■ **Task requirements**
Using the data below, transcribe exactly everything from the line that contains "Validity and Reliability testing" down to the line that contains "株式会社mov about 3". Include both of those lines and none of the pictures.

■ **Data for the task**

- - - - - - -

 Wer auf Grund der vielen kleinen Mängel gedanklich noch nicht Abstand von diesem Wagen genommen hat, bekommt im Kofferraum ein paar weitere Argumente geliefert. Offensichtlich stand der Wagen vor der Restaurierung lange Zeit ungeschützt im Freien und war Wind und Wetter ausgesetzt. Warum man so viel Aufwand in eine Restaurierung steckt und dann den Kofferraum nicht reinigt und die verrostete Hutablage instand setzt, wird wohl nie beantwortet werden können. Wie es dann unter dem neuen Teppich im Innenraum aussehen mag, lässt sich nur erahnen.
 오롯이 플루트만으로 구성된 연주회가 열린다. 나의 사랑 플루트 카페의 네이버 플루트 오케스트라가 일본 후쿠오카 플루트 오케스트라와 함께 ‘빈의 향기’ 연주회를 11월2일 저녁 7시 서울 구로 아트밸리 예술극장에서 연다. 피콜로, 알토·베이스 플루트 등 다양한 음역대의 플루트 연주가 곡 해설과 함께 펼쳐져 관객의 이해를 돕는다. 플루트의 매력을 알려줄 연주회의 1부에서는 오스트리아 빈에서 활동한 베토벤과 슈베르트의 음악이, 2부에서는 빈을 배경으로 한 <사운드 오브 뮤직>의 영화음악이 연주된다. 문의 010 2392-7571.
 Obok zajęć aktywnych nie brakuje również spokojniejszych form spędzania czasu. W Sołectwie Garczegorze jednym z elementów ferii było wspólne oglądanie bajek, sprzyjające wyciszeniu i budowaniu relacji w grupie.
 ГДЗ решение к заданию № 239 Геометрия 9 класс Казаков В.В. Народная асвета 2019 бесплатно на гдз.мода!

- - - - - - -

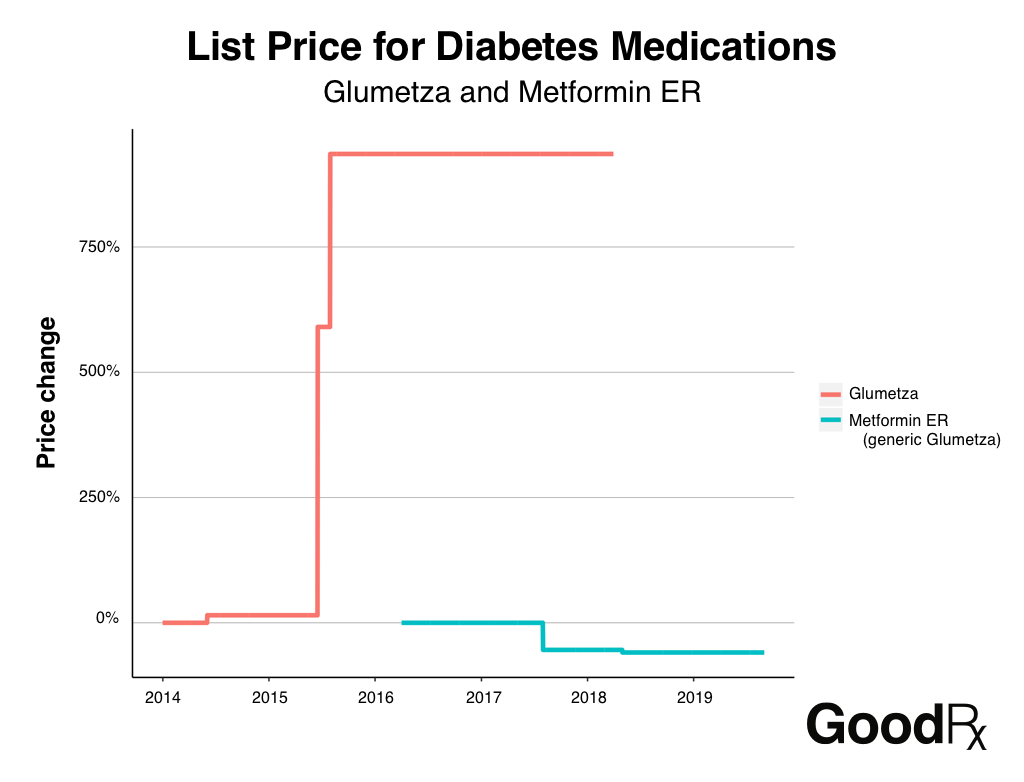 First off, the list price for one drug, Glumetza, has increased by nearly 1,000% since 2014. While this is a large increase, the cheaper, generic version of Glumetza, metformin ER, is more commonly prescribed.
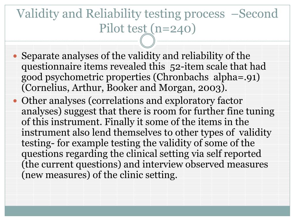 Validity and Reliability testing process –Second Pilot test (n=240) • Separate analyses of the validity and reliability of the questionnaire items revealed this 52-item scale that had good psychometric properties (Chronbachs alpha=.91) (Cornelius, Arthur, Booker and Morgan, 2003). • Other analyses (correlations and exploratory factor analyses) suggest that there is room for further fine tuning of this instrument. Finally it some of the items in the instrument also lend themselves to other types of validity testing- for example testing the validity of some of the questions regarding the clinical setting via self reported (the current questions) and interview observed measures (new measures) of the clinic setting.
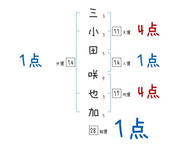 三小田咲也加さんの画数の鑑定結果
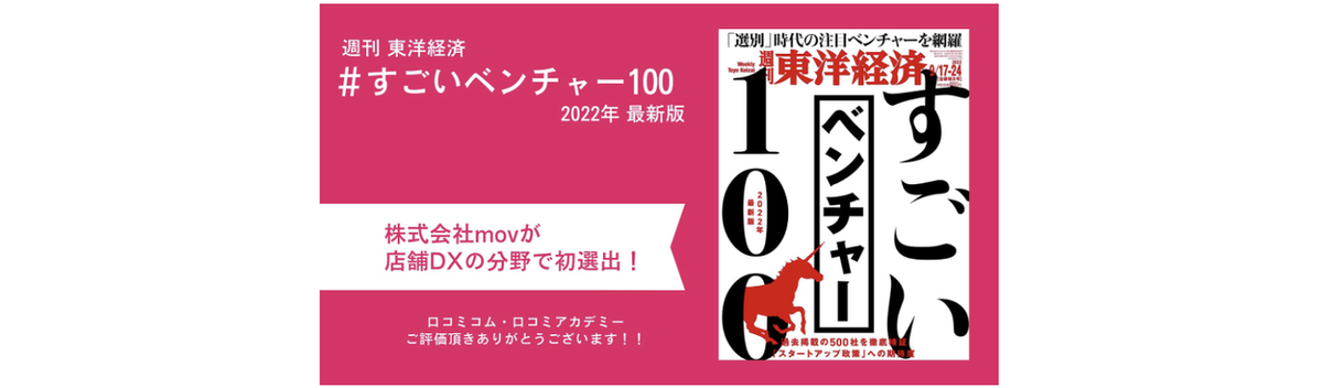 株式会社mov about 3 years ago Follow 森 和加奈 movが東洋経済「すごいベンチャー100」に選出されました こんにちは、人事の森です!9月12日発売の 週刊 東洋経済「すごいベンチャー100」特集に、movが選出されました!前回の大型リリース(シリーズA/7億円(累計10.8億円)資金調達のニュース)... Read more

- - - - - - -

■ **Answer below**
 Validity and Reliability testing process –Second Pilot test (n=240) • Separate analyses of the validity and reliability of the questionnaire items revealed this 52-item scale that had good psychometric properties (Chronbachs alpha=.91) (Cornelius, Arthur, Booker and Morgan, 2003). • Other analyses (correlations and exploratory factor analyses) suggest that there is room for further fine tuning of this instrument. Finally it some of the items in the instrument also lend themselves to other types of validity testing- for example testing the validity of some of the questions regarding the clinical setting via self reported (the current questions) and interview observed measures (new measures) of the clinic setting.
 三小田咲也加さんの画数の鑑定結果
 株式会社mov about 3 years ago Follow 森 和加奈 movが東洋経済「すごいベンチャー100」に選出されました こんにちは、人事の森です!9月12日発売の 週刊 東洋経済「すごいベンチャー100」特集に、movが選出されました!前回の大型リリース(シリーズA/7億円(累計10.8億円)資金調達のニュース)... Read more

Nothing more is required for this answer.